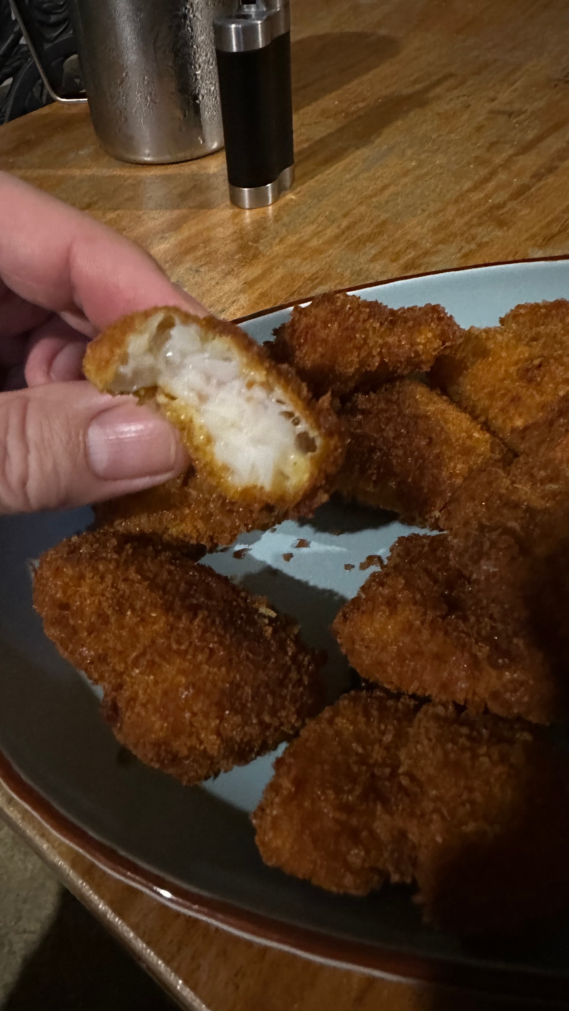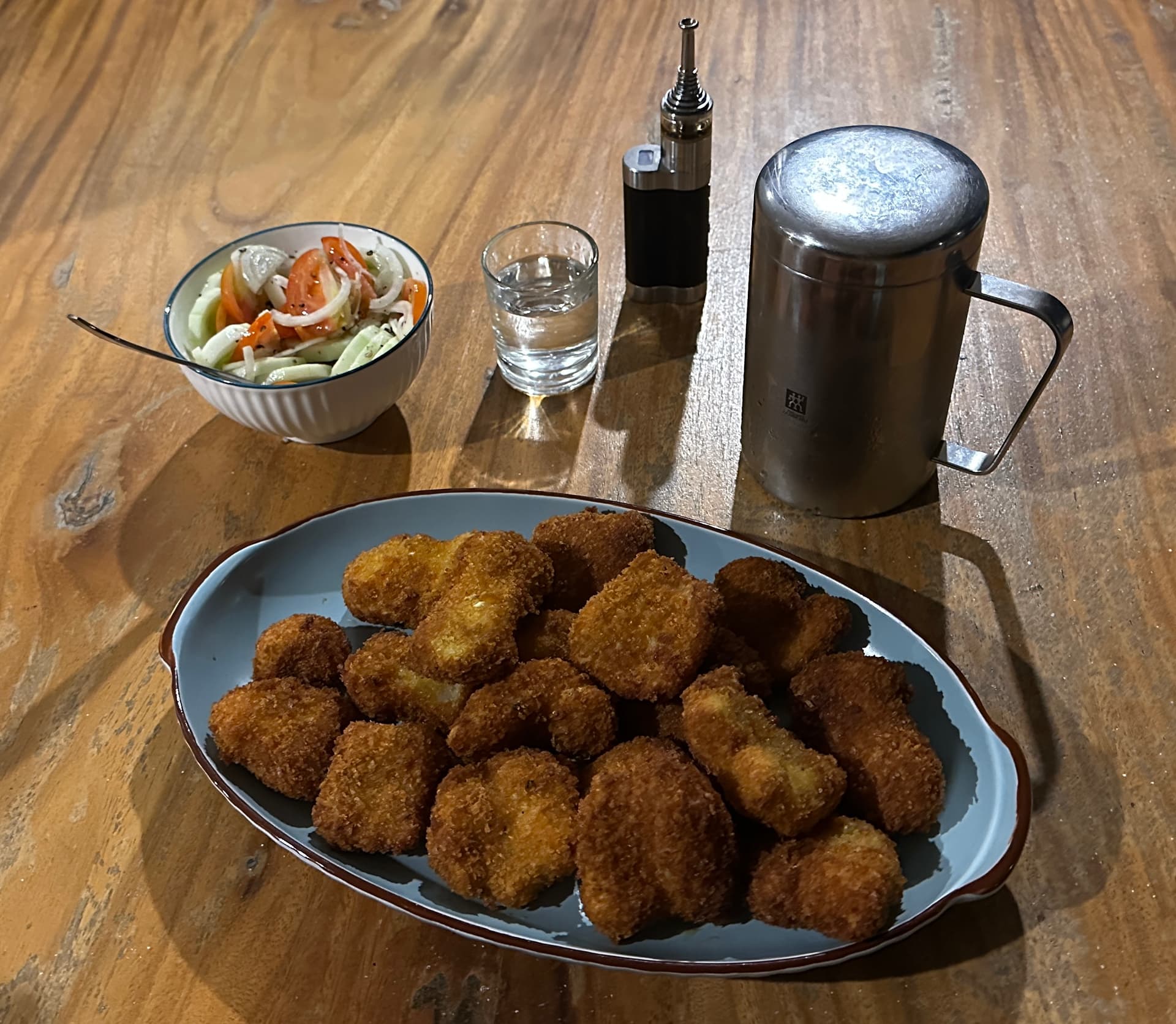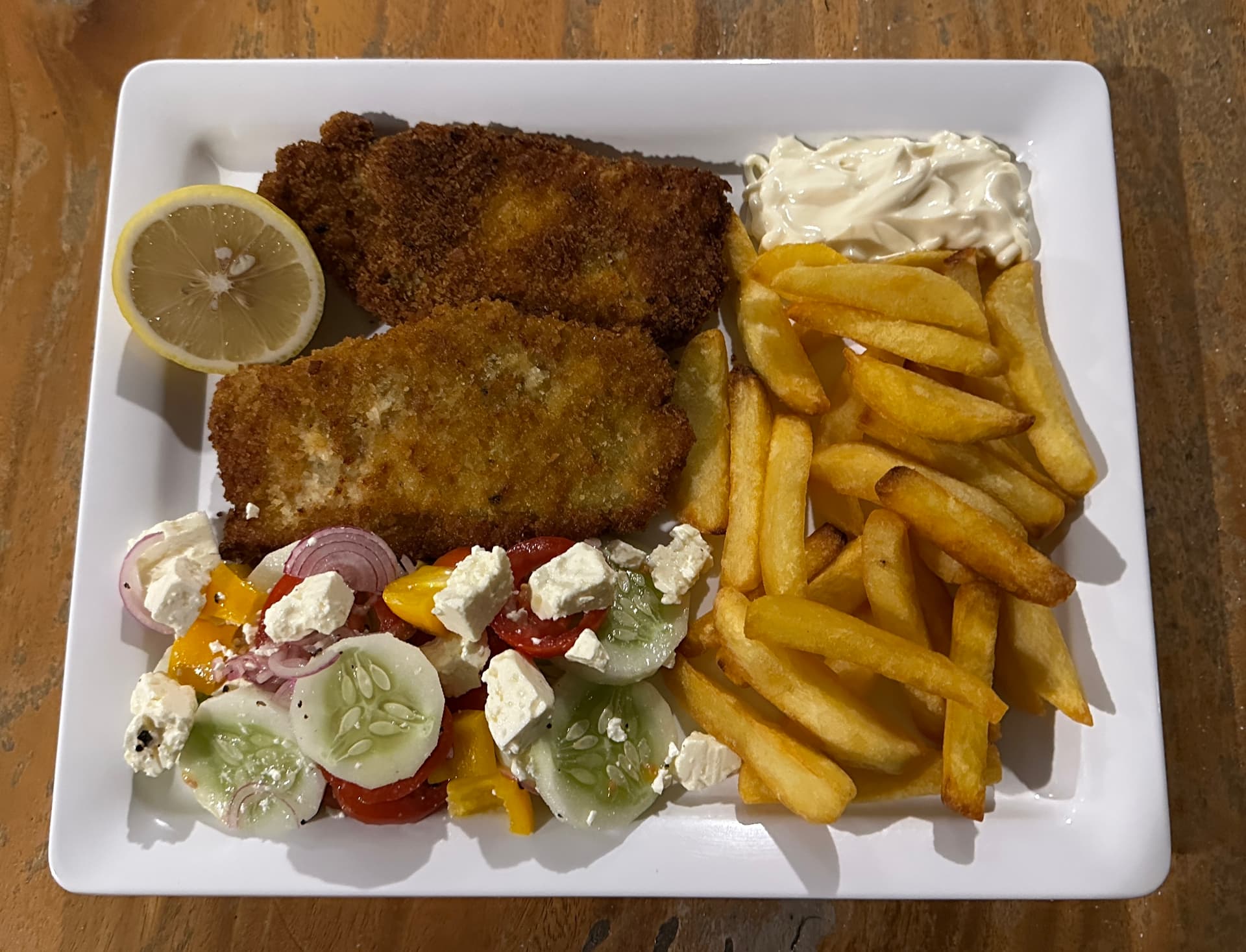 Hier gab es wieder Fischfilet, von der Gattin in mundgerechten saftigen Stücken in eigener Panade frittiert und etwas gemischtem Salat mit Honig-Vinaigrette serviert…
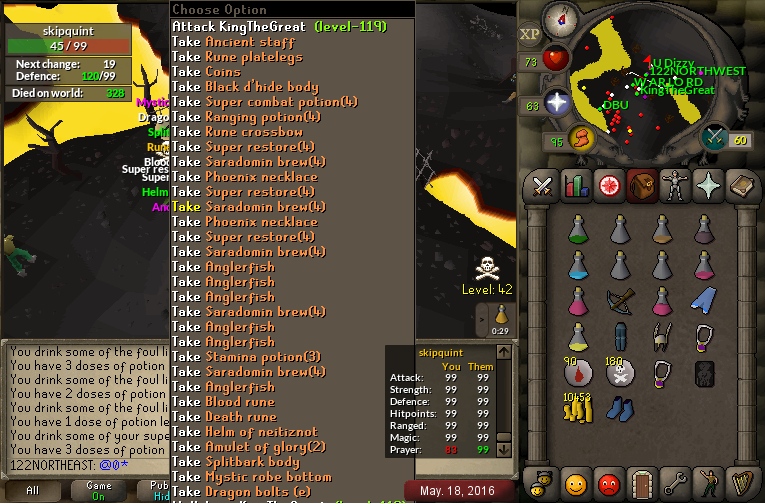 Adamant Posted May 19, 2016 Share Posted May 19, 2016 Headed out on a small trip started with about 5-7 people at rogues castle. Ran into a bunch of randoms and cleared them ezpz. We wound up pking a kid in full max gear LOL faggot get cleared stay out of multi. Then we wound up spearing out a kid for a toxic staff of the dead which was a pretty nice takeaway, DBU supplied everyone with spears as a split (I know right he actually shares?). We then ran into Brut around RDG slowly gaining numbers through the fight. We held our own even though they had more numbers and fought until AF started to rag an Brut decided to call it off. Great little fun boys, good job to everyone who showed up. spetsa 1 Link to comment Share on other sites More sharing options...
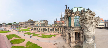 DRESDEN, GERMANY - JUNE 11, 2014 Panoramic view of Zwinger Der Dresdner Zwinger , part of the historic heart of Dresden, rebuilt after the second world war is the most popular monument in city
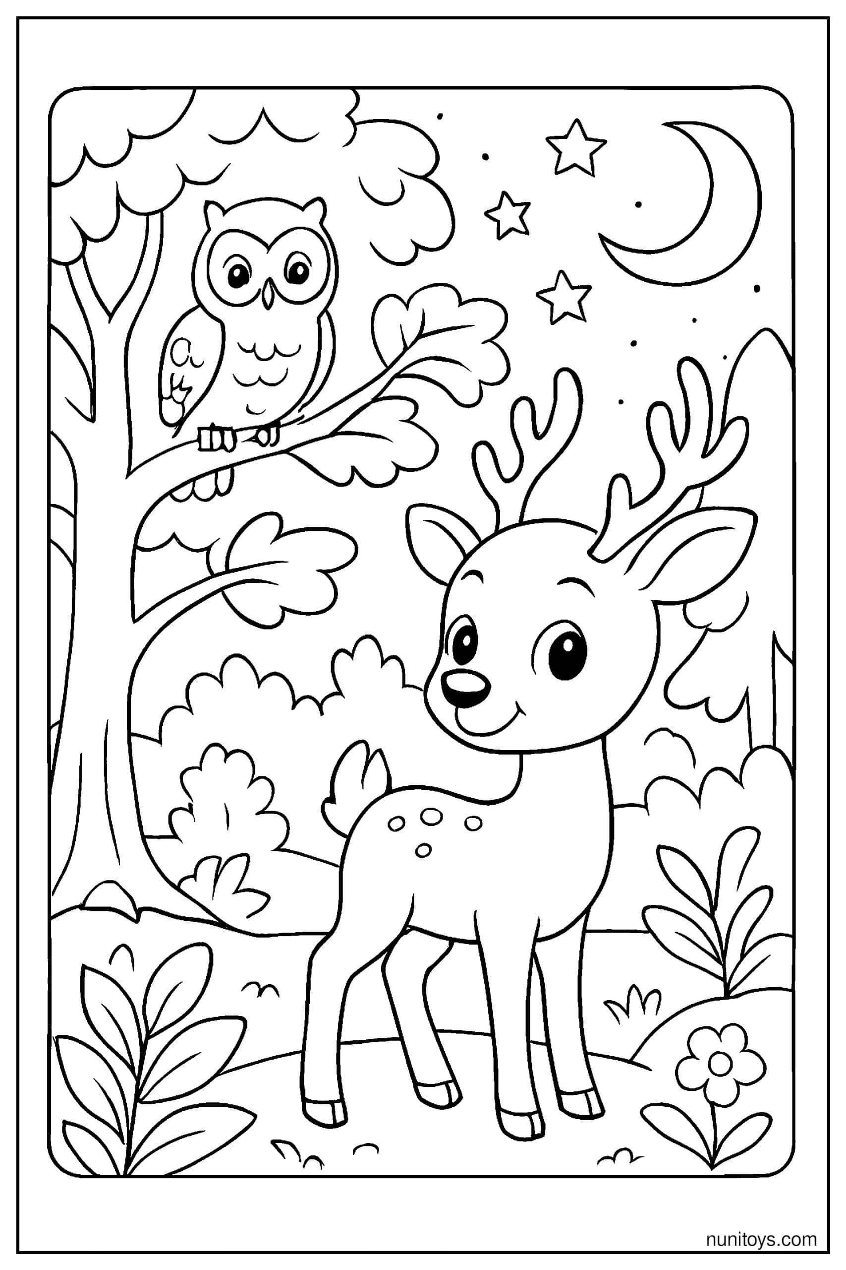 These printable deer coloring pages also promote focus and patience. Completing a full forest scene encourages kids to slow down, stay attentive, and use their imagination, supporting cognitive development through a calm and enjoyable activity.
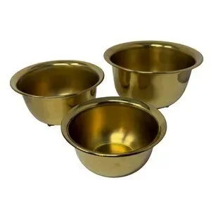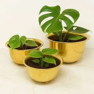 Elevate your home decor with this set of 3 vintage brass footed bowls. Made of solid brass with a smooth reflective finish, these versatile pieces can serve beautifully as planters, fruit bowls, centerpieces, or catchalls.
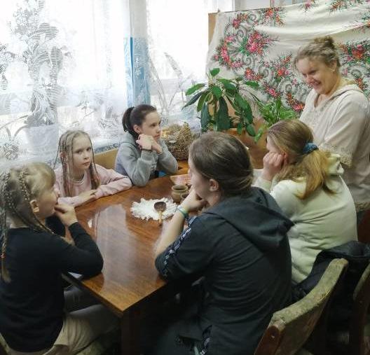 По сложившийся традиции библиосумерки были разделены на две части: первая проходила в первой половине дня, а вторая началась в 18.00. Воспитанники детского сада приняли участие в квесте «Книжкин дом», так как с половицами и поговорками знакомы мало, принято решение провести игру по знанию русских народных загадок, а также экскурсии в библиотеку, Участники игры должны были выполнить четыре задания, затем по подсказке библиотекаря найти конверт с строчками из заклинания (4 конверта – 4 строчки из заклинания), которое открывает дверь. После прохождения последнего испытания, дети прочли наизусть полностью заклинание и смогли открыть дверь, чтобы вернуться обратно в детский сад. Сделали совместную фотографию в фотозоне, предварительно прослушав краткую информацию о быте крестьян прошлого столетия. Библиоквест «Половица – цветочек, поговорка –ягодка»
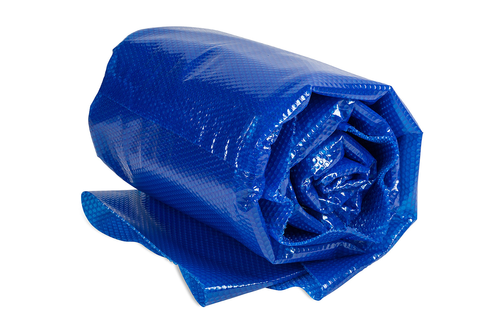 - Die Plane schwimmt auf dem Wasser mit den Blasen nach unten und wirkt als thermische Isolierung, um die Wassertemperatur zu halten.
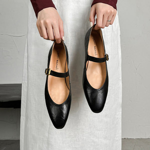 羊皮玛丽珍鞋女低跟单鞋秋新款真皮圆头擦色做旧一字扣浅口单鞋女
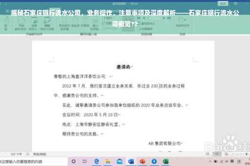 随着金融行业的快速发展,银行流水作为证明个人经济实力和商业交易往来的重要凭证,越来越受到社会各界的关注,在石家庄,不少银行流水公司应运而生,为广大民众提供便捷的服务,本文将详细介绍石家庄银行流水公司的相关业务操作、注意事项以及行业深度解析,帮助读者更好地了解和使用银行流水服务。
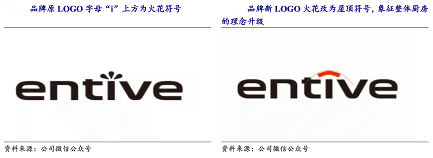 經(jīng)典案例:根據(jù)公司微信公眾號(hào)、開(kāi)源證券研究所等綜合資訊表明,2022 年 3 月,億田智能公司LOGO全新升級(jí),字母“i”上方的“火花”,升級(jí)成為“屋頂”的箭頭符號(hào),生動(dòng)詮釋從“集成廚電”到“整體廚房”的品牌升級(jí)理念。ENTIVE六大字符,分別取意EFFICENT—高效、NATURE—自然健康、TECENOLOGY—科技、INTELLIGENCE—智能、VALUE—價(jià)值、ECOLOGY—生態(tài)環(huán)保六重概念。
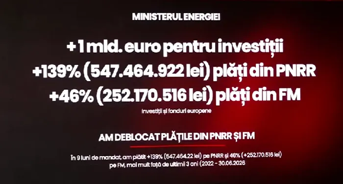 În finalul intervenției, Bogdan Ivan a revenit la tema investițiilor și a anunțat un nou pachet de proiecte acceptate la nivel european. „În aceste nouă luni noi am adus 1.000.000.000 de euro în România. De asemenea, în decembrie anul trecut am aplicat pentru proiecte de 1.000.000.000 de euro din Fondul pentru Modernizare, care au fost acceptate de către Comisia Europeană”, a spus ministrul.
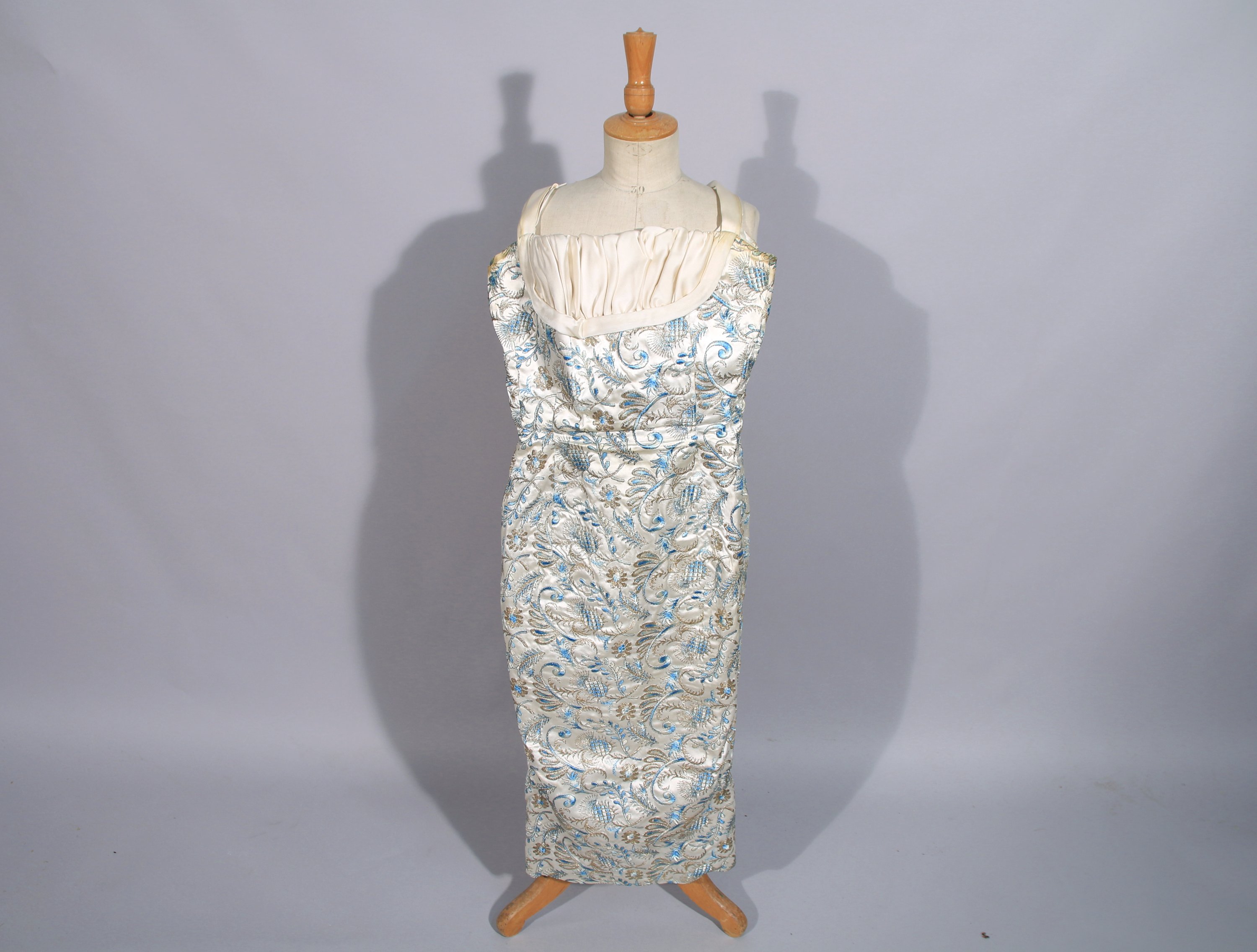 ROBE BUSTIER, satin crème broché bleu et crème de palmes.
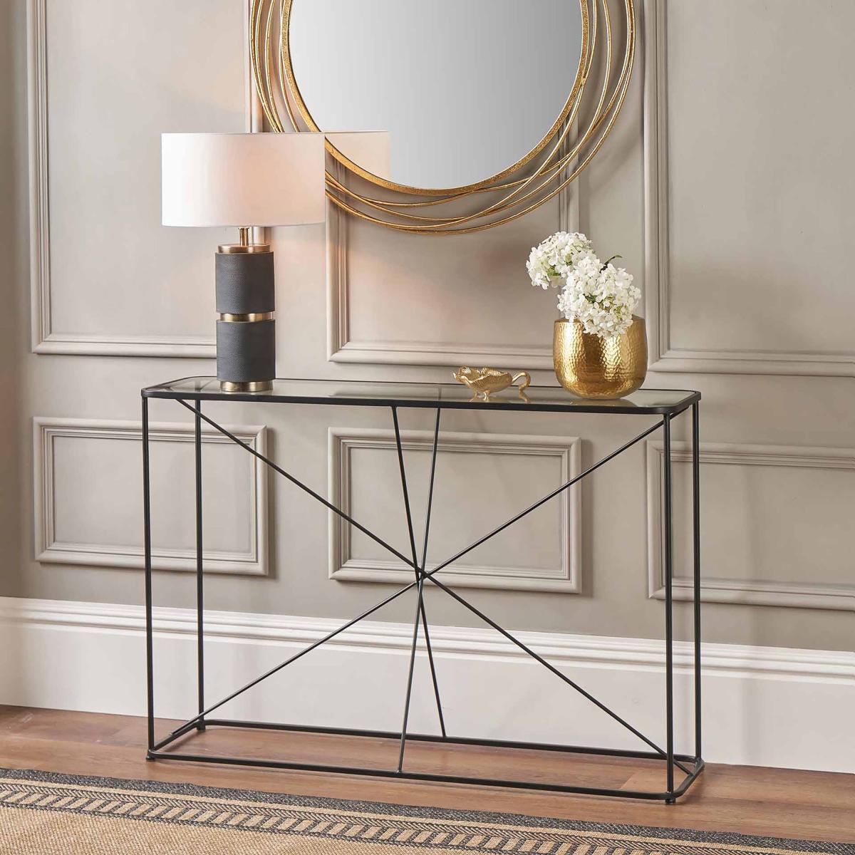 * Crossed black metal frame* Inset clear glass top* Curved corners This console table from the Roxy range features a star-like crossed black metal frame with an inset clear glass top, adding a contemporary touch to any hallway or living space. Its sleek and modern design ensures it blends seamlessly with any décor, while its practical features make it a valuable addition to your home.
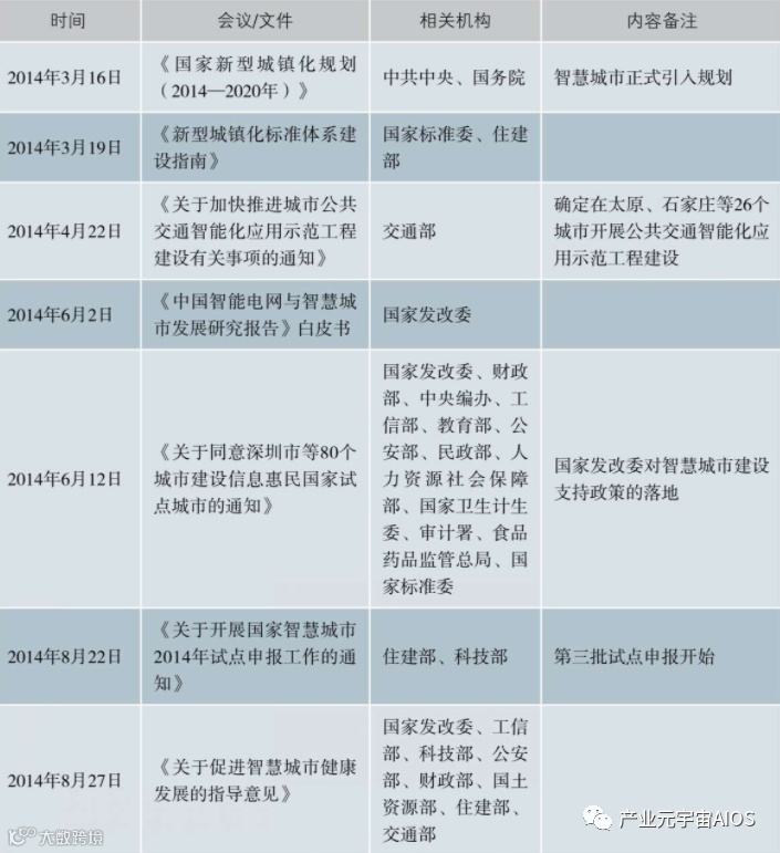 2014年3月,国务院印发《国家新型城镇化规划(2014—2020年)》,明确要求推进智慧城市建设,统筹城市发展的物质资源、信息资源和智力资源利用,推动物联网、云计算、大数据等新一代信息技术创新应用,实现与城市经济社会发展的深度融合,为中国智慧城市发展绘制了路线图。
+++++
→ Work request
The answer should match the data above word for word, with no pictures in it.

→ Response area
 Hier gab es wieder Fischfilet, von der Gattin in mundgerechten saftigen Stücken in eigener Panade frittiert und etwas gemischtem Salat mit Honig-Vinaigrette serviert…
 Adamant Posted May 19, 2016 Share Posted May 19, 2016 Headed out on a small trip started with about 5-7 people at rogues castle. Ran into a bunch of randoms and cleared them ezpz. We wound up pking a kid in full max gear LOL faggot get cleared stay out of multi. Then we wound up spearing out a kid for a toxic staff of the dead which was a pretty nice takeaway, DBU supplied everyone with spears as a split (I know right he actually shares?). We then ran into Brut around RDG slowly gaining numbers through the fight. We held our own even though they had more numbers and fought until AF started to rag an Brut decided to call it off. Great little fun boys, good job to everyone who showed up. spetsa 1 Link to comment Share on other sites More sharing options...
 DRESDEN, GERMANY - JUNE 11, 2014 Panoramic view of Zwinger Der Dresdner Zwinger , part of the historic heart of Dresden, rebuilt after the second world war is the most popular monument in city
 These printable deer coloring pages also promote focus and patience. Completing a full forest scene encourages kids to slow down, stay attentive, and use their imagination, supporting cognitive development through a calm and enjoyable activity.
 Elevate your home decor with this set of 3 vintage brass footed bowls. Made of solid brass with a smooth reflective finish, these versatile pieces can serve beautifully as planters, fruit bowls, centerpieces, or catchalls.
 По сложившийся традиции библиосумерки были разделены на две части: первая проходила в первой половине дня, а вторая началась в 18.00. Воспитанники детского сада приняли участие в квесте «Книжкин дом», так как с половицами и поговорками знакомы мало, принято решение провести игру по знанию русских народных загадок, а также экскурсии в библиотеку, Участники игры должны были выполнить четыре задания, затем по подсказке библиотекаря найти конверт с строчками из заклинания (4 конверта – 4 строчки из заклинания), которое открывает дверь. После прохождения последнего испытания, дети прочли наизусть полностью заклинание и смогли открыть дверь, чтобы вернуться обратно в детский сад. Сделали совместную фотографию в фотозоне, предварительно прослушав краткую информацию о быте крестьян прошлого столетия. Библиоквест «Половица – цветочек, поговорка –ягодка»
 - Die Plane schwimmt auf dem Wasser mit den Blasen nach unten und wirkt als thermische Isolierung, um die Wassertemperatur zu halten.
 羊皮玛丽珍鞋女低跟单鞋秋新款真皮圆头擦色做旧一字扣浅口单鞋女
 随着金融行业的快速发展,银行流水作为证明个人经济实力和商业交易往来的重要凭证,越来越受到社会各界的关注,在石家庄,不少银行流水公司应运而生,为广大民众提供便捷的服务,本文将详细介绍石家庄银行流水公司的相关业务操作、注意事项以及行业深度解析,帮助读者更好地了解和使用银行流水服务。
 經(jīng)典案例:根據(jù)公司微信公眾號(hào)、開(kāi)源證券研究所等綜合資訊表明,2022 年 3 月,億田智能公司LOGO全新升級(jí),字母“i”上方的“火花”,升級(jí)成為“屋頂”的箭頭符號(hào),生動(dòng)詮釋從“集成廚電”到“整體廚房”的品牌升級(jí)理念。ENTIVE六大字符,分別取意EFFICENT—高效、NATURE—自然健康、TECENOLOGY—科技、INTELLIGENCE—智能、VALUE—價(jià)值、ECOLOGY—生態(tài)環(huán)保六重概念。
 În finalul intervenției, Bogdan Ivan a revenit la tema investițiilor și a anunțat un nou pachet de proiecte acceptate la nivel european. „În aceste nouă luni noi am adus 1.000.000.000 de euro în România. De asemenea, în decembrie anul trecut am aplicat pentru proiecte de 1.000.000.000 de euro din Fondul pentru Modernizare, care au fost acceptate de către Comisia Europeană”, a spus ministrul.
 ROBE BUSTIER, satin crème broché bleu et crème de palmes.
 * Crossed black metal frame* Inset clear glass top* Curved corners This console table from the Roxy range features a star-like crossed black metal frame with an inset clear glass top, adding a contemporary touch to any hallway or living space. Its sleek and modern design ensures it blends seamlessly with any décor, while its practical features make it a valuable addition to your home.
 2014年3月,国务院印发《国家新型城镇化规划(2014—2020年)》,明确要求推进智慧城市建设,统筹城市发展的物质资源、信息资源和智力资源利用,推动物联网、云计算、大数据等新一代信息技术创新应用,实现与城市经济社会发展的深度融合,为中国智慧城市发展绘制了路线图。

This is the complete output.